Я ответил, что прежде всего хочу взглянуть на Золотой Храм, – сегодня последний раз мы имеем возможность увидеть его в это время дня, да и вообще скоро нас ушлют отбывать трудовую повинность, и, может статься, Храм в наше отсутствие разбомбят. Пока я, страшно заикаясь, бормотал свои невразумительные объяснения, Цурукава разглядывал меня удивленно и нетерпеливо.

Когда я наконец замолчал, по моему лицу градом лил пот, словно я признался в чем-то постыдном. Цурукава был единственным, кому я сам открыл свою страстную привязанность к Храму. Но в лице моего товарища не читалось ничего, кроме обычной досады, испытываемой человеком, когда он пытается разобраться в бессвязном лепете заики.

Меня всегда окружали такие лица. Я мог открывать человеку величайшую тайну, делиться с ним восторгом, который рождает в моей душе Прекрасное, выворачивать всю свою душу наизнанку, а на меня глядело все то же самое лицо. Обычно один человек не смотрит с таким выражением на другого. В этом лице с предельной достоверностью копируется та смехотворная натуга, с которой выходят из меня слова; по сути дела, это мое собственное отражение в зеркале. Каким бы красавцем ни был мой собеседник, в такую минуту его лицо делается столь же безобразным, как мое. И стоит мне увидеть перед собой эту знакомую маску, как сразу все то важное, что я стремлюсь выразить, превращается в никому не нужный мусор…

Пространство, отделявшее меня от Цурукавы, было залито солнцем. Мой приятель ждал, пока я закончу говорить, его юная кожа блестела от жира, каждая ресничка пылала золотым огнем, ноздри раздувались, вдыхая знойный воздух.

Я замолчал. И тут же в душе всколыхнулась ярость. За все время нашего знакомства Цурукава ни разу не посмеялся над моим заиканием.

– Почему?.. – потребовал я у него ответа. Ведь я уже говорил, что насмешки и презрение нравятся мне куда больше, чем сочувствие.

Лицо Цурукавы озарилось невыразимо-нежной улыбкой. И он сказал:

– Знаешь, я не из тех, кто обращает на такие вещи внимание.

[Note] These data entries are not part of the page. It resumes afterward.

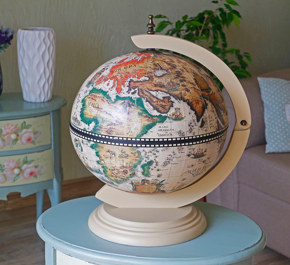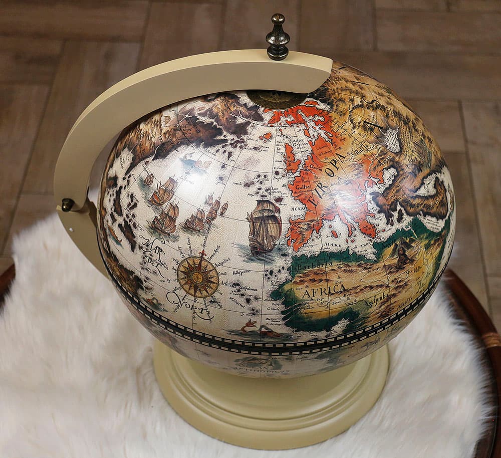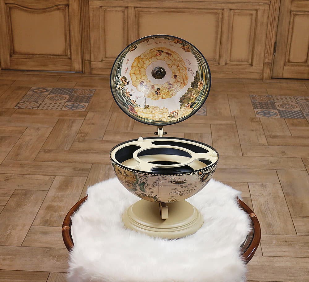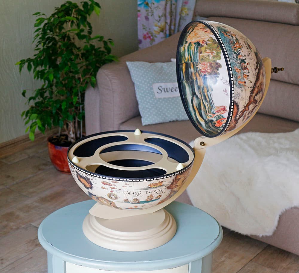 Глобус бар молочного кольору настільний варіант, ідеальне рішення для зберігання алкоголю та келихів. Глобус бар незамінний, якщо мова йде про прийом гостей вдома. Ця може підходить на пожежу жінці Боссу. Такий подарунок дуже порадує іменинника.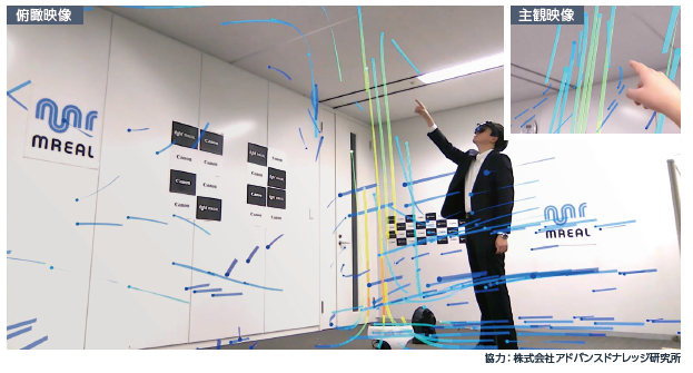気流シミュレーション結果を現実空間にビジュアル化し空気の流れを体感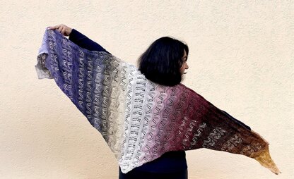 The Harvest Shawl is inspired by these fields that stretch across the rows of hills surrounding my home. A wheat-sheaf pattern alternates with garter stitch sections to gently transition to the next color. Designed to be knit at a gradient, it is perfect to use for an Advent kit or a selection of leftover yarn. By knitting one color a day, the shawl can be easily knit in the busiest month of the year: December. Each color is a manageable amount of daily knitting. The shawl is worked as two separate triangles that are grafted together at the end to form one large triangle.

Я был сражен. Мне, выросшему в окружении грубых деревенских мальчишек, была неведома подобная душевная чуткость. Доброта Цурукавы открыла мне, что, даже лишенный заикания, я все равно останусь самим собой. Я ощутил себя обнаженным, беззащитным, и неизъяснимое наслаждение переполнило мою душу. Длинные ресницы, обрамлявшие глаза моего приятеля, отфильтровывали заикание и принимали меня таким, каков я был. А ведь до сих пор мной владело странное убеждение, будто человек, игнорирующий мое заикание, тем самым отвергает все мое существо.

Я испытал чувство гармонии и счастья. Разве удивительно, что я надолго запомнил Золотой Храм таким, каким видел его в тот день? Мы прошли мимо дремлющего на своем посту старика-контролера и торопливо зашагали вдоль ограды, по безлюдной дорожке, к Храму.

…Я помню, все помню до мельчайших деталей. На берегу Зеркального пруда плечом к плечу стояли два подростка в белых рубахах. А прямо перед ними высился Кинкакудзи, и не было между мальчиками и Храмом никакой преграды.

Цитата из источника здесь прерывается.